Screaming Mimi (1958)

Números de cabaret esplendorosos y llenos de misterio

La bella surge del mar
Más allá del realismo de la novela y el cine negros, con su conocida perspectiva crítica sobre la sociedad tan del gusto de los «bolcheviques de salón», en el mismo entorno forjado por sus estilemas se encuentran películas tan peculiares como esta. Dirigida por Gerd Oswald (1919-1989), sobre un guión de Robert Blees (1925), inspirada en una novela del embriagado Fredric Brown (1906-1972), constituye una auténtica obra maestra del género con toques expresionistas. Gerd Oswald, que dirigió en tres ocasiones a la bellísima Anita Ekberg, no ha hecho una «adaptación fiel» de la novela al film. Blees, guionista preclaro (El regreso del Doctor Phibes u Obsesión) se ha encargado de «traicionar», con el ofídico oficio de los viejos artesanos de Hollywood, la por otro lado excelente aportación al género del hombre de Cincinnati. El film se centra en Yolanda: una bella bailarina de cabaret que resulta apuñalada una noche por un desconocido atacante. Un periodista especializado en la vida nocturna de Chicago realizará una investigación tanto sobre su agresión, de la que es en cierto modo testigo, como de otras que acabaron en muerte de muchachas similares físicamente a la interfecta. Su trabajo, tergiversado por su enamoramiento de la bella, le llevará a enfrentarse con un posesivo agente de variedades no menos perdidamente apasionado, con el guardián de la bella (un feroz can llamado Diablo) y perseguir rastros que le llevaran laberínticamente hacia el Minotauro expresados en la estatuilla de una mujer aterrorizada.

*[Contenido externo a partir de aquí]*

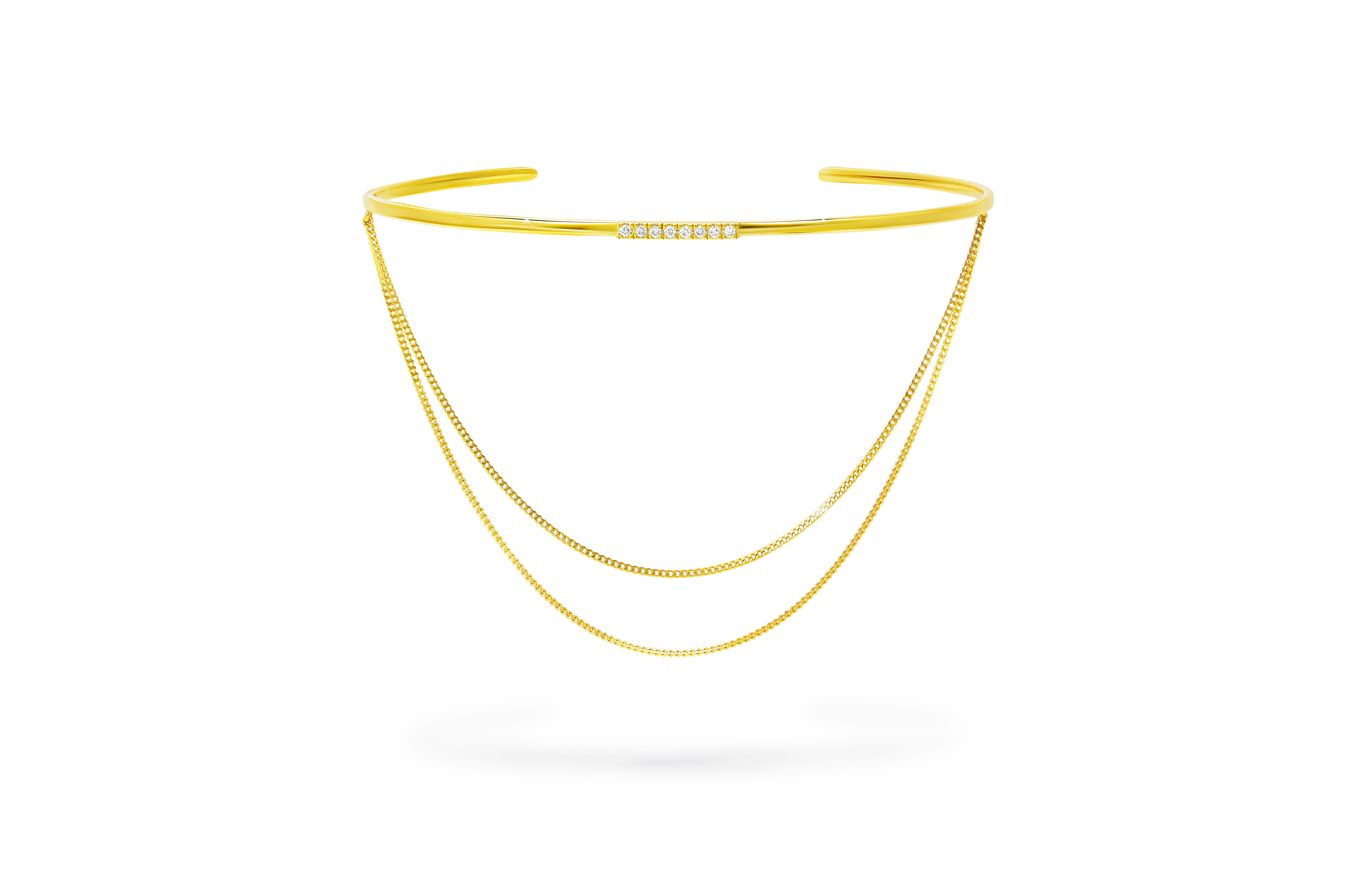 chandelier chain系列新作仍采用璀璨钻石与金质链条相结合的形式,并融入弧形曲线的新设计勾勒出简约的雅致格调。chandelier chain戒指与手镯别出心裁的垂坠金链呈现方式,彰显流动美的同时也为造型增添了几分层次感。

deidades agazapadas en la causalidad


La bella surge del mar en las primeras escenas como la diosa Afrodita, luego caminará solitaria y nocturna acompañada por su Cerbero, como una Hécate transfigurada, para cumplir su destino entre los mortales. Los números de cabaret, esplendorosos y llenos de misterio gracias a una fotografía excelente y a la magia del blanco y negro, a los que hay que añadir una inexistente por completo en la novela subtrama lésbica protagonizada por la magistral Gypsy Rose Lee, cuya interpretación de «Put the Blame on Mame» es inquietante, convierten el visionado en una experiencia casi mística.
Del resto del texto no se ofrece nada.